What needs to be done:
Without the pictures, repeat all of the data exactly as it appears below.

Dataset content:
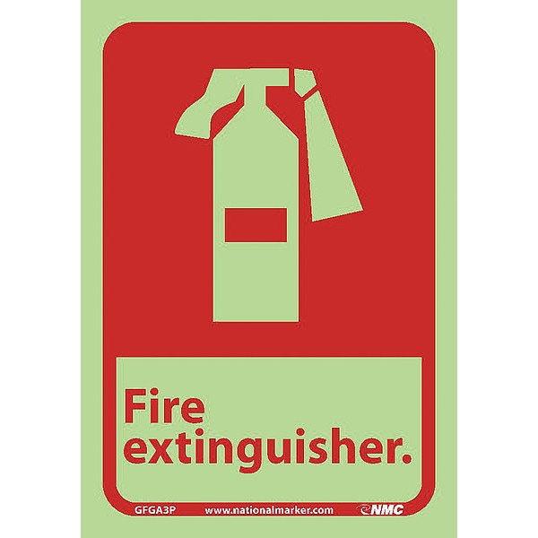 Fire Extinguisher Sign, 10 in Height, 7 in Width, Glow Polyester
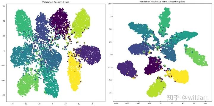从上图看出,标签平滑为最终的激活产生了更紧密的聚类和更大的类别间的分离,实现更好的泛化。
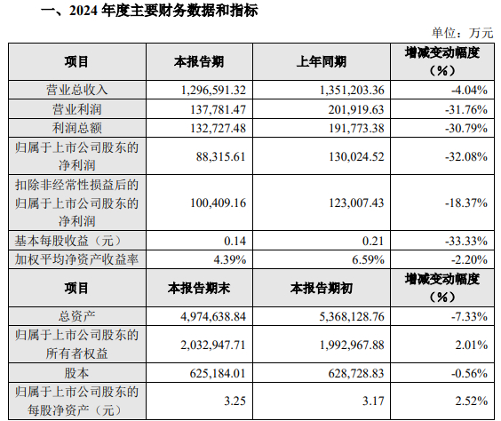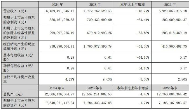4月19日,东鹏控股发布公告称,2024年实现营业收入64.69亿元,同比下降16.77%;归属于上市公司股东的净利润为3.28亿元,同比下降54.41%

Exercise answer:
 Fire Extinguisher Sign, 10 in Height, 7 in Width, Glow Polyester
从上图看出,标签平滑为最终的激活产生了更紧密的聚类和更大的类别间的分离,实现更好的泛化。
4月19日,东鹏控股发布公告称,2024年实现营业收入64.69亿元,同比下降16.77%;归属于上市公司股东的净利润为3.28亿元,同比下降54.41%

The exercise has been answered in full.